> if you run it at the full 262144 tokens of context youll need ~65gb of ram Wha...

Gracana · 2025-08-06T20:30:18 1754512218

The context cache (or KV cache) is where intermediate results are stored. One for each output token. Its size depends on the model architecture and dimensions.

KV cache size = 2 * batch_size * context_len * num_key_value_heads * head_dim * num_layers * element_size. The "2" is for the two parts, key and value. Element size is the precision in bytes. This model uses grouped query attention, which reduces num_key_value_heads compared to a multi head attention (MHA) model.

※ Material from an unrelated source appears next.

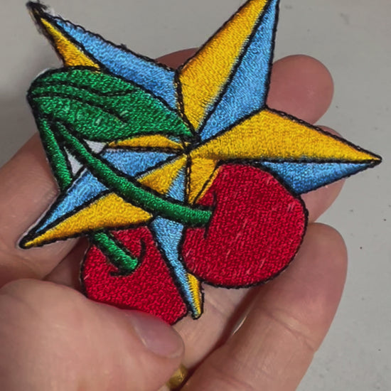 Don't miss out on this delightful embroidered badge! Add the Red Cherry Star Patch to your cart today and let your creativity shine.
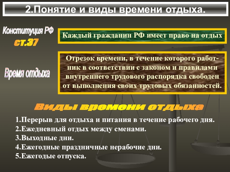 2.Понятие и виды времени отдыха.Конституция РФ Каждый гражданин РФ имеет право на отдыхст.37 Время отдыха Отрезок времени,

With batch size 1 (for low-latency single-user inference), 32k context (recommended in the model card), fp16 precision:

2 * 1 * 32768 * 8 * 128 * 36 * 2 = 4.5GiB.

I think, anyway. It's hard to keep up with this stuff. :)

wkat4242 · 2025-08-07T03:42:36 1754538156

Yes but you can quantise the KV cache too just like you can the weights.

hnuser123456 · 2025-08-06T20:32:12 1754512332

A 24GB GPU can run a ~30b parameter model at 4bit quantization at about 8k-12k context length before every GB of VRAM is occupied.

iamnotagenius · 2025-08-07T06:50:13 1754549413

Not quite true. Depends on number of KV heads. GLM4 32b at IQ4 quant and Q8 context can run full context with only 20GiB VRAM.

DSingularity · 2025-08-06T19:50:58 1754509858

No. Your KV cache is kept in memory also.

aitchnyu · 2025-08-07T07:23:42 1754551422

Whats the space complexity for context size? And who is trying to drop it into linear complexity?

0x457 · 2025-08-06T22:03:05 1754517785

I mean...where do you think context is stored?